Under this line sits a listing. Repeat exactly and only its lines from the one holding "draaien van het hoofd" through the one holding "En Sitges se"; skip pictures.

=-=-=-=-=

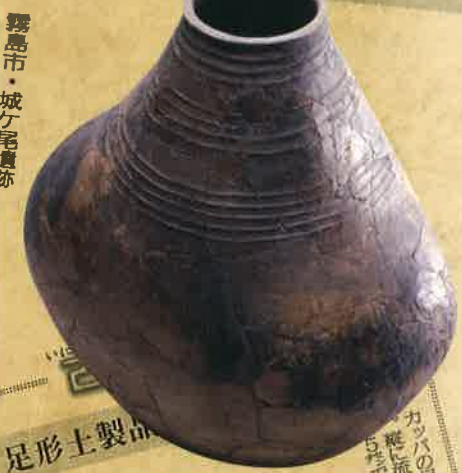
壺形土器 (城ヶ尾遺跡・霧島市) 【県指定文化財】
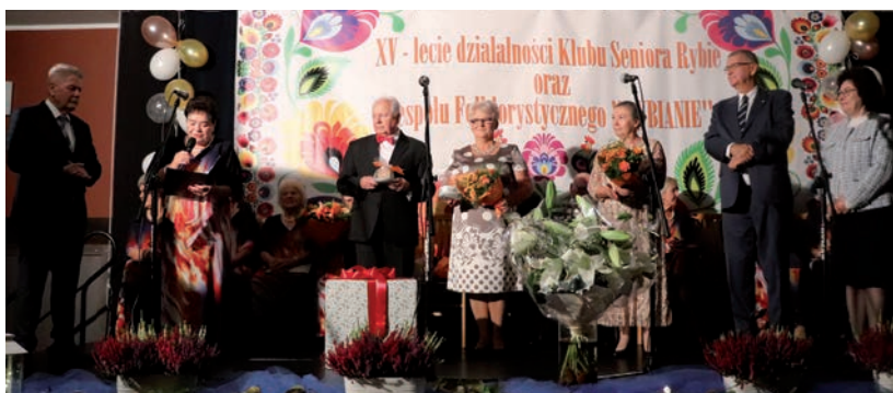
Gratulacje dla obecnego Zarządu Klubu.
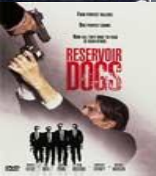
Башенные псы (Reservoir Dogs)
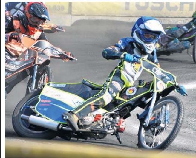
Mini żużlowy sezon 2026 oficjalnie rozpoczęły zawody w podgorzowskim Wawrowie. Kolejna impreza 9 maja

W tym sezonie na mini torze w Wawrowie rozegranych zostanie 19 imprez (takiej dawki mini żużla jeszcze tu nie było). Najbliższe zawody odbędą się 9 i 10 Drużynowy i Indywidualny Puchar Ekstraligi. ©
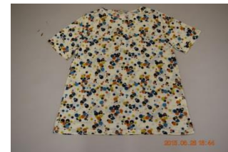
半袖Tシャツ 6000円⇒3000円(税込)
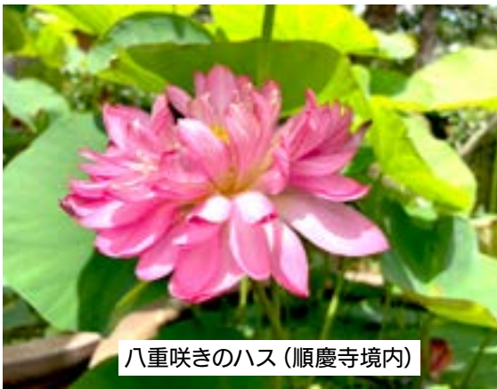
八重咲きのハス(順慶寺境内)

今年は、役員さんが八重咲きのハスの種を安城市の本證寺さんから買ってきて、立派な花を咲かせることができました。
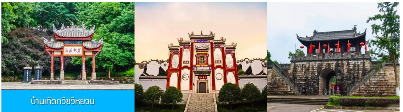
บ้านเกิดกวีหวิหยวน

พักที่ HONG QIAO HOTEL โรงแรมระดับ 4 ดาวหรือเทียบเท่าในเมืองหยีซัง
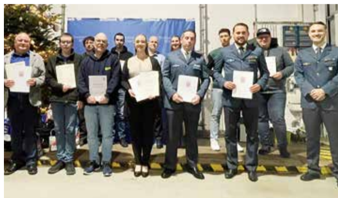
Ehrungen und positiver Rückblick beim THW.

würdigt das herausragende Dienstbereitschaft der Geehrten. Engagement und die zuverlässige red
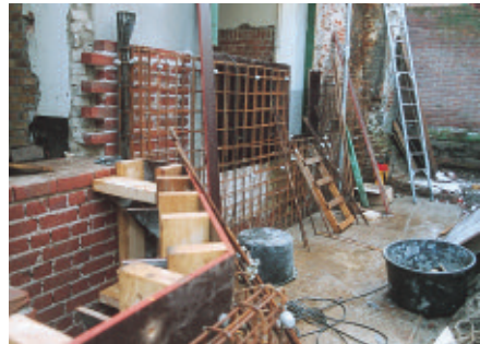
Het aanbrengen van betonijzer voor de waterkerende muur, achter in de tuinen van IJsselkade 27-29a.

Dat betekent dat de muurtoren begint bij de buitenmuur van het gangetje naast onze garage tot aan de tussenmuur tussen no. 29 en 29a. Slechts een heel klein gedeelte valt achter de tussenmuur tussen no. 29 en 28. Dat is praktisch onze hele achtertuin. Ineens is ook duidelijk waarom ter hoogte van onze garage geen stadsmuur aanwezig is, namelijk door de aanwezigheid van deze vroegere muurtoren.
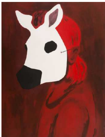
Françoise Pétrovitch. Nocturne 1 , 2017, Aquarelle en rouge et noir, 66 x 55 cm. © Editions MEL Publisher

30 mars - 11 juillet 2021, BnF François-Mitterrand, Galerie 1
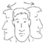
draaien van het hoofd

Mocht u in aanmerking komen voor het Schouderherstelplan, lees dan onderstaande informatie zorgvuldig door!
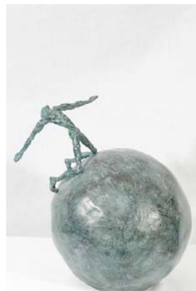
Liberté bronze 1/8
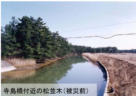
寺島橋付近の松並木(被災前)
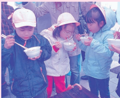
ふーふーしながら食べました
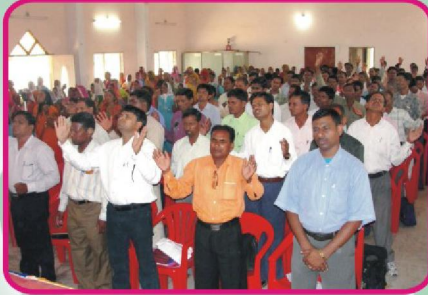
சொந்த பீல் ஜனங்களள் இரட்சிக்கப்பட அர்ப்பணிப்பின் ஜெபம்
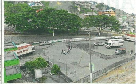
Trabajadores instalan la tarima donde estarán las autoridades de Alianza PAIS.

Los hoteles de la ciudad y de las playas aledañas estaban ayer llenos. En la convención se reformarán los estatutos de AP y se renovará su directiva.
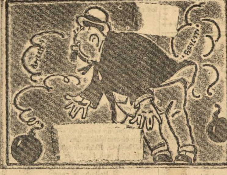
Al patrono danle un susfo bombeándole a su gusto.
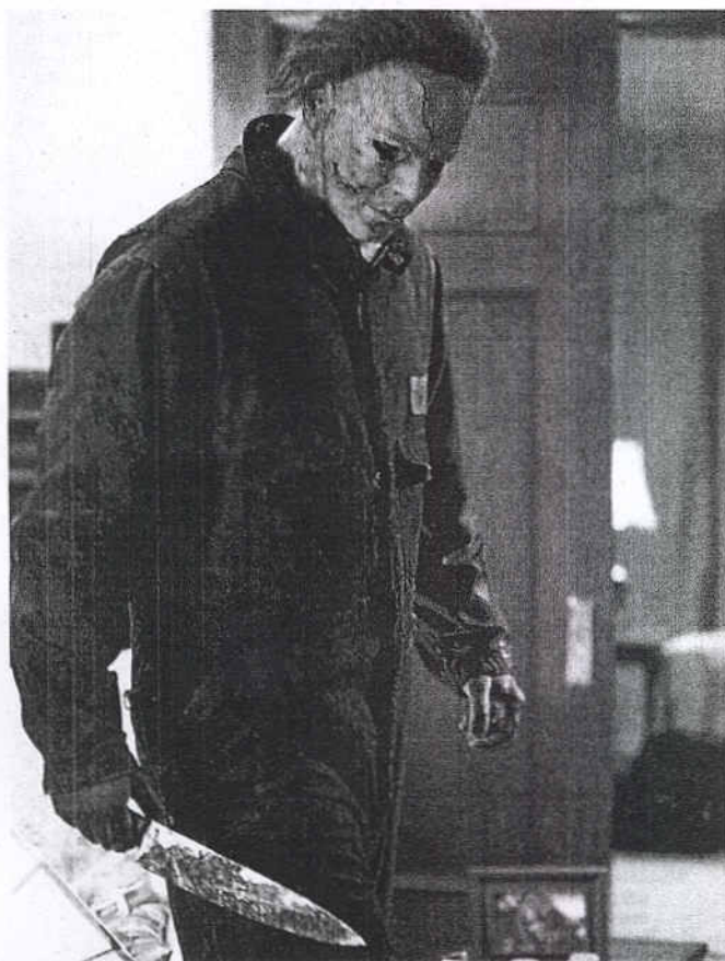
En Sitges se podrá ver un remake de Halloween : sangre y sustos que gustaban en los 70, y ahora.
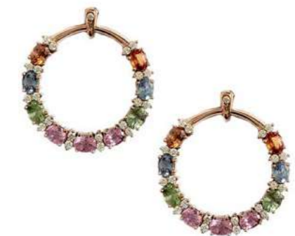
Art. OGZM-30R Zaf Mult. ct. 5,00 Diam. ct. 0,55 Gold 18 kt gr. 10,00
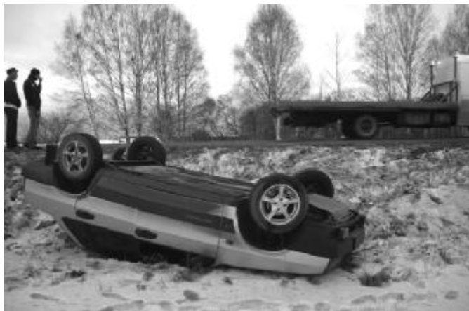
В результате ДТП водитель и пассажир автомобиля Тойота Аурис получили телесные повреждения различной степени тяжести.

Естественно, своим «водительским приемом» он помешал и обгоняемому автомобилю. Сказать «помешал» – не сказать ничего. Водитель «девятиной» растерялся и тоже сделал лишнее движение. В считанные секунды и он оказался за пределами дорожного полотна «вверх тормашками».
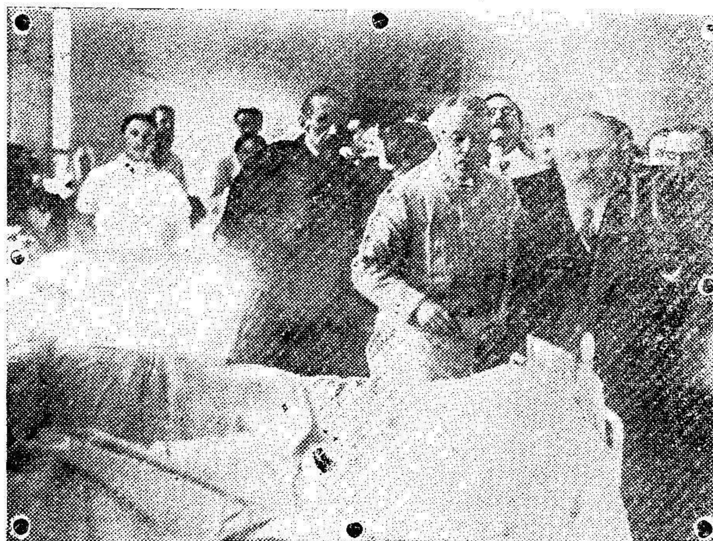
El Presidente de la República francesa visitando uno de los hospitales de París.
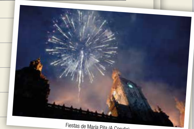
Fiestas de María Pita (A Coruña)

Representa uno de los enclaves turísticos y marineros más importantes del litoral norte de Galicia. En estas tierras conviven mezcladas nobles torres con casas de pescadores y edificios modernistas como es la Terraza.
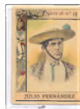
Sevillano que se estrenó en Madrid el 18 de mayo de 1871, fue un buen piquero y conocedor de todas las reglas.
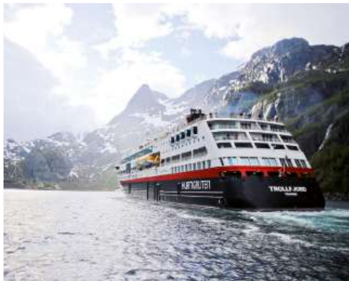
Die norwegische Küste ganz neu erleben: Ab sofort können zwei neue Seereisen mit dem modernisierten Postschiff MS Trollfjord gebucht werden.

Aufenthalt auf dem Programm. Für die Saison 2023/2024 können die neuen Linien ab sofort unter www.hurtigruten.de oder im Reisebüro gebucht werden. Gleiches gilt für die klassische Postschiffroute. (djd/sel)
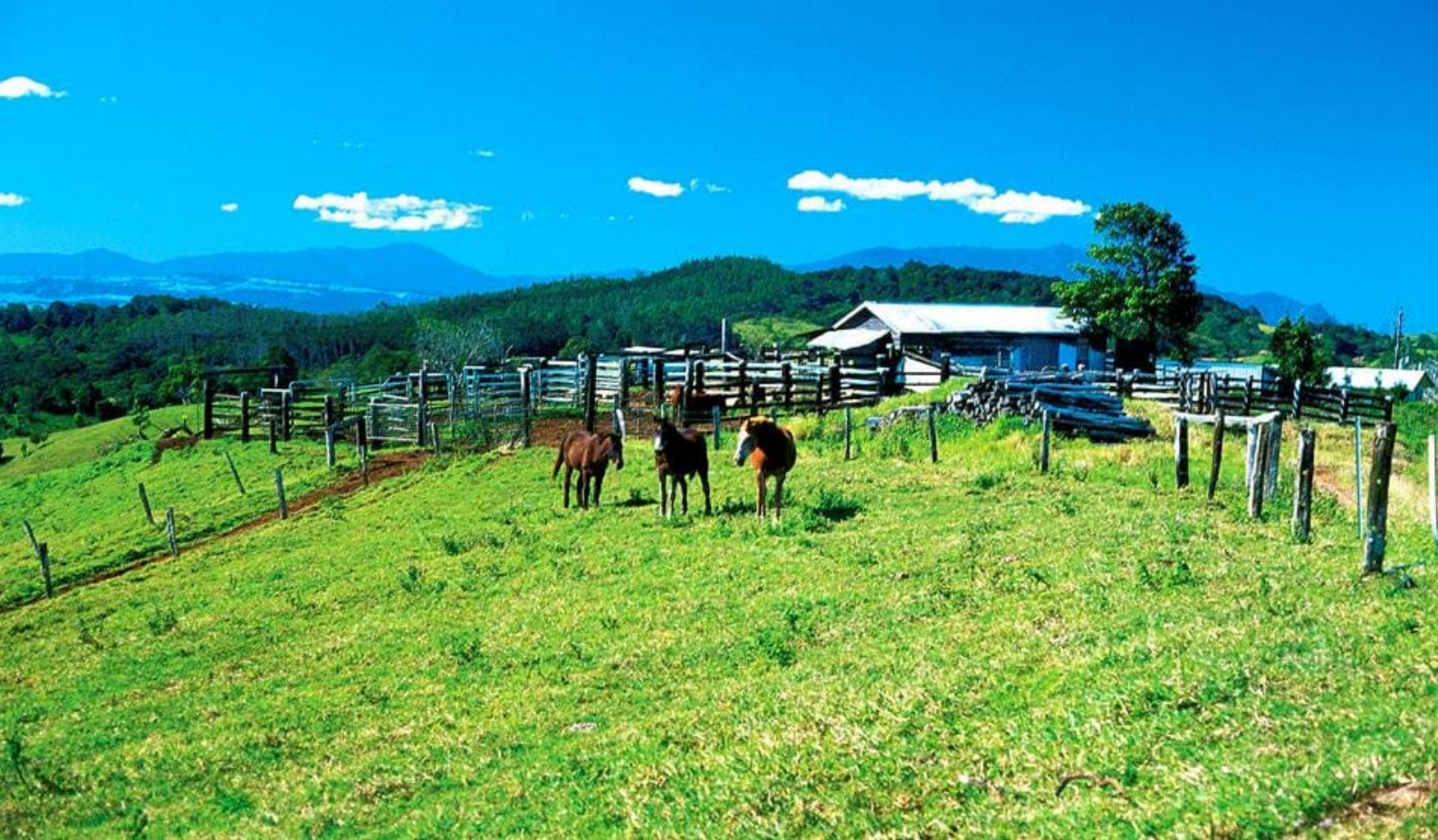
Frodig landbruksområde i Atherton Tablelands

=-=-=-=-=

Answer section —
draaien van het hoofd

Mocht u in aanmerking komen voor het Schouderherstelplan, lees dan onderstaande informatie zorgvuldig door!
Liberté bronze 1/8
寺島橋付近の松並木(被災前)
ふーふーしながら食べました
சொந்த பீல் ஜனங்களள் இரட்சிக்கப்பட அர்ப்பணிப்பின் ஜெபம்
Trabajadores instalan la tarima donde estarán las autoridades de Alianza PAIS.

Los hoteles de la ciudad y de las playas aledañas estaban ayer llenos. En la convención se reformarán los estatutos de AP y se renovará su directiva.
Al patrono danle un susfo bombeándole a su gusto.
En Sitges se podrá ver un remake de Halloween : sangre y sustos que gustaban en los 70, y ahora.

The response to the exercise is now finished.